EXERCISE DATA:
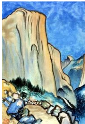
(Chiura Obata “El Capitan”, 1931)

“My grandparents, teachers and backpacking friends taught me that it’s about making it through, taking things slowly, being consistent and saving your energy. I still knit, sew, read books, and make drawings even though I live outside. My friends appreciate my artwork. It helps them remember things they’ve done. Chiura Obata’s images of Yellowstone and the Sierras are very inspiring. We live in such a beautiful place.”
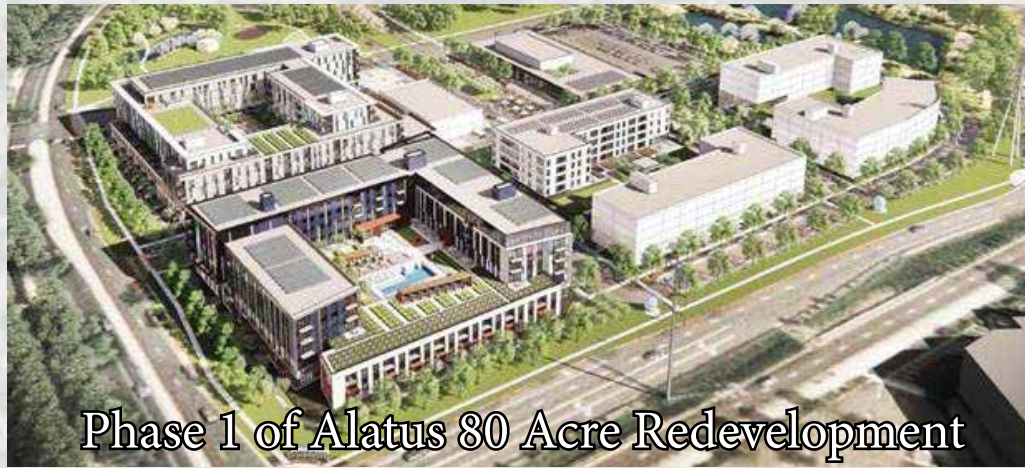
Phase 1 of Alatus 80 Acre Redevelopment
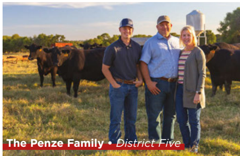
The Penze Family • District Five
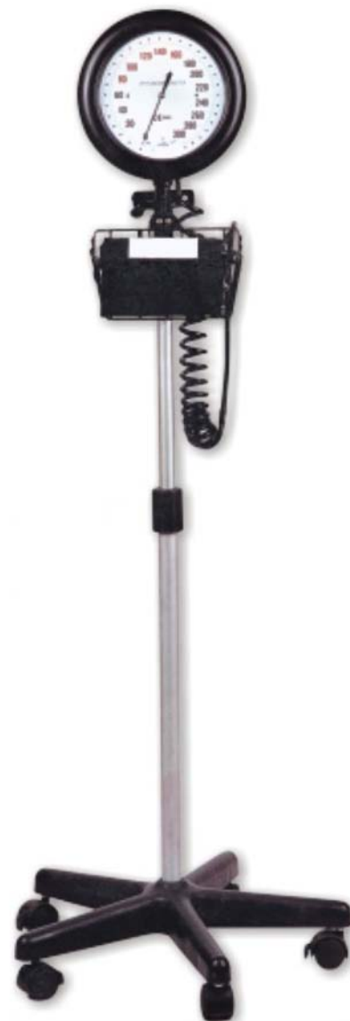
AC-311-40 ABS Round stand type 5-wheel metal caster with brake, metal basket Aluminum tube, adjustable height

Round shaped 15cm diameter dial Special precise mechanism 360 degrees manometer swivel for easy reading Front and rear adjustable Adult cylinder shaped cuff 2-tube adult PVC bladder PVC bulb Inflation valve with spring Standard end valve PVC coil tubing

...

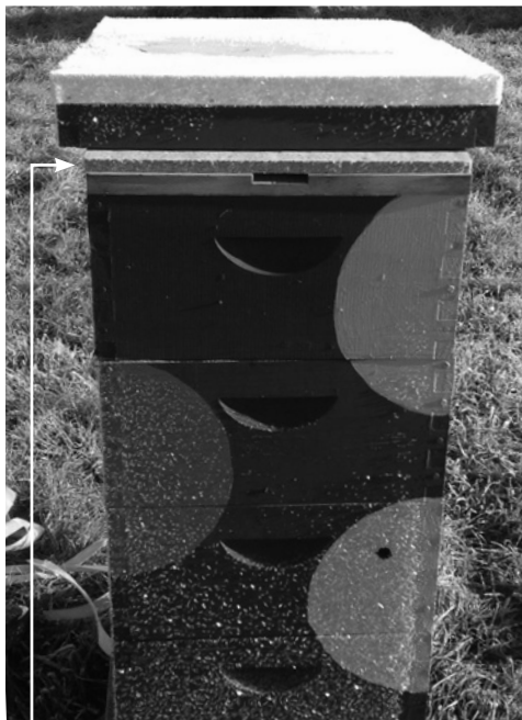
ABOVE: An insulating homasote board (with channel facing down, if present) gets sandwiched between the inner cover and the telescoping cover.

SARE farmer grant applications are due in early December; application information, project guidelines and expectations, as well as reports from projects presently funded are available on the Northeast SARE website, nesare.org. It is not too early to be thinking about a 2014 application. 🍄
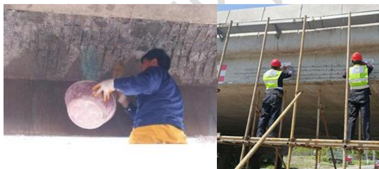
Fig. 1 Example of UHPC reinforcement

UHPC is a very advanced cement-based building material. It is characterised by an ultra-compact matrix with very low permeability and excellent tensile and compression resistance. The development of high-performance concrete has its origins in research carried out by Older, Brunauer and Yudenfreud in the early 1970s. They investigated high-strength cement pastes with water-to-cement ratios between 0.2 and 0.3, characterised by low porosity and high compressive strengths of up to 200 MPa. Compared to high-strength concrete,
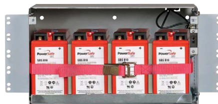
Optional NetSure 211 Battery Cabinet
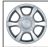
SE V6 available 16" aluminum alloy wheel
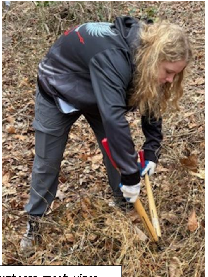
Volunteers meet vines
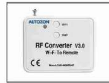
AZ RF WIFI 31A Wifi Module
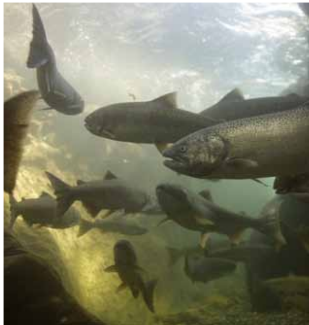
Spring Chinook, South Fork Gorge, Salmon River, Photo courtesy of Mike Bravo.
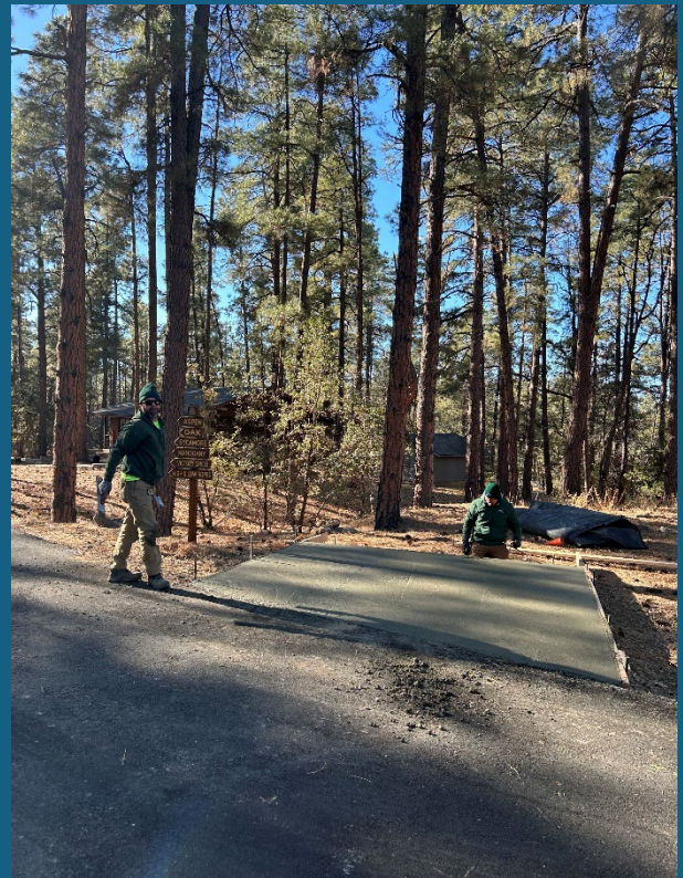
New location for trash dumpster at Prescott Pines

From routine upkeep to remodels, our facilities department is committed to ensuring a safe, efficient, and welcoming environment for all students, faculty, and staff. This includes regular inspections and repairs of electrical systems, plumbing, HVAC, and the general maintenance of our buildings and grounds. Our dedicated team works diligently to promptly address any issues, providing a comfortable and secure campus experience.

THE TASK:
Using the entries above, repeat only the lines from the one containing "Fig. 1 Example of UHPC reinforcement" through the one containing "UHPC is a very", end lines included.

EXERCISE RESULT:
Fig. 1 Example of UHPC reinforcement

UHPC is a very advanced cement-based building material. It is characterised by an ultra-compact matrix with very low permeability and excellent tensile and compression resistance. The development of high-performance concrete has its origins in research carried out by Older, Brunauer and Yudenfreud in the early 1970s. They investigated high-strength cement pastes with water-to-cement ratios between 0.2 and 0.3, characterised by low porosity and high compressive strengths of up to 200 MPa. Compared to high-strength concrete,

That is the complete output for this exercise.